Tools for Version Controlling Data#
Several tools are available to handle version controlling and sharing large files. Most of them integrate very well with Git and extend a repository’s capabilities to version control large files. With these tools, large data can be added to a repository, version controlled, reverted to previous states, or updated and modified collaboratively, and even shared via GitHub as small-sized files. Some of these tools include:
DVC#
DVC (open-source Version Control System for Machine Learning Projects) https://dvc.org/. DVC guarantees reproducibility by consistently maintaining a combination of input data, configuration, and the code that was initially used to run an experiment.
Git LFS#
Git LFS comes with a command-line extension to Git and allows you to treat files of any size alike, using standard Git commands. A major shortcoming, however, is that Git LFS is a centralised solution. Large files are not distributed but stored on a remote server. This usually requires setting up your server or paying for a service - which can make it very inaccessible.
git-annex
#
The git-annex
tool is a distributed system that can manage and share large files independent from a central service or server.
git-annex
manages all file content in a separate directory in the repository (.git/annex/objects
, the so-called annex) and only places file names with some metadata into version control by Git.

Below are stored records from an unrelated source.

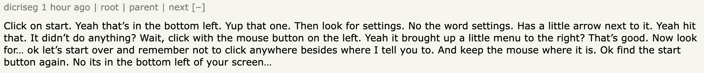 I think my record for telling someone how to find their Windows start menu on a single call is right around 10 times โ where they actually found it, anyway. More than a few never could. And this was the era when it actually said โStartโ on it as plain as could be. Apparently using a computer prevents many people from tasks like reading or having a functioning brain.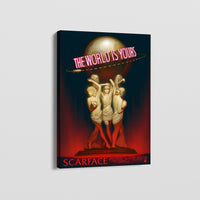 Add a touch of cinematic boldness to your home with "World is Yours." This striking poster replica of the iconic movie Scarface captures the essence of Tony Montana's legendary rise. Featuring vivid colors and dramatic imagery, it's a perfect piece for movie lovers and art enthusiasts.
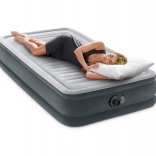 Comodo letto gonfiabile Twin con tecnologia Dura-Beam che offre supporto stabile e una superficie piacevole per un sonno di qualità a casa e in viaggio. Grazie alla pompa elettrica integrata 220–240 V lo gonfi più in fretta di 2 minuti. Dimensioni 99 × 191 × 33 cm, portata max 136 kg, vinile di qualità e superficie floccata morbida per un comfort superiore. Facile gonfiaggio, sgonfiaggio e stoccaggio.

When a Git repository with an annex is pushed to a web-hosting service such as GitHub, the contents stored in the annex are not uploaded.
Instead, they can be pushed to a storage system (such as a web server, but also third party services such as Dropbox, Google Drive, Amazon S3, box.com, and many more).

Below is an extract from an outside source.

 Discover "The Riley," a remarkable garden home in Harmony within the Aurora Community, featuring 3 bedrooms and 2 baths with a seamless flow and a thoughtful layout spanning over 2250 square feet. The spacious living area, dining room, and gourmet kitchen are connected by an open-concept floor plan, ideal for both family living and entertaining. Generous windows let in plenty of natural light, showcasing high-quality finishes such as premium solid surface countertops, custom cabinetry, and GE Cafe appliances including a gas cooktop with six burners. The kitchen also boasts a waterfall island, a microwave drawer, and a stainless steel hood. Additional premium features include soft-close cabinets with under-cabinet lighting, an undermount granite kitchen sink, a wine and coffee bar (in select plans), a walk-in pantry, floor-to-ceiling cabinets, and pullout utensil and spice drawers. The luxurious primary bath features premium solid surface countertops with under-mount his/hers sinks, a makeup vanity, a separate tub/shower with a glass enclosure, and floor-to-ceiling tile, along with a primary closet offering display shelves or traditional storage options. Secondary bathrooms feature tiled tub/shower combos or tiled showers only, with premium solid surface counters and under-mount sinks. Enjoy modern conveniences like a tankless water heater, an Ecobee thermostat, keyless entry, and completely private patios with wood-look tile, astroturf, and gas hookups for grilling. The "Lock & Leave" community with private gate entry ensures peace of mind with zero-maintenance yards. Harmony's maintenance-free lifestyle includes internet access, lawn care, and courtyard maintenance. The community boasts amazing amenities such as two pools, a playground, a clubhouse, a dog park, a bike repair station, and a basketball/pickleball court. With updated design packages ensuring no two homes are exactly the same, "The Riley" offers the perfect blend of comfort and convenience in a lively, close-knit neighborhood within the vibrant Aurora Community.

If a repository with an annex is cloned, the clone will not contain the contents of all annexed files by default, but display only file names.
This makes the repository small, even if it tracks hundreds of gigabytes of data, and cloning fast, while file contents are stored in one or more free or commercial external storage solutions.
On-demand, any file content can then be obtained with a git-annex get
command from the external file storage.
git submodules#
Submodules allows to split the data in different repositories, while keeping everything under a single “parent” repository. It is very powerful, but difficult to use. Especially, using Git Branches in submodules make it complex to handle. However, this is the only tool listed here allowing to work with many files in a Git repository.
DataLad#
DataLad, builds upon git and git-annex.
Like git-annex
, it allows you to version control data and share it via third-party providers but simplifies and extends this functionality.
In addition to sharing and version controlling large files; it allows recording, sharing, and using software environments, recording and re-executing commands or data analyses, and operating seamlessly across a hierarchy of repositories.
Data versioning and inclusivity#
Data versioning in Git require the use of more complex tools, and this means that accessibility to the data will be more difficult. For instance, if you use datalad with Github, newcomers trying to see one of the large file will have difficulties: they will be able to see that the file exists, but will not be able to download or see it without cloning the repository and running git-annex or datalad commands.
So while using these tools will make Git commands to run faster, one may want to disable them for critical binary files, like presentations or pdfs. A solution can be to pack them in submodules, so that the repositories are keeping a small size.
As an example, we can take the repository creating the turing book. The repository is slow to work with, because a lot of binary files were used over the time. However, it makes the onboarding of new users easier.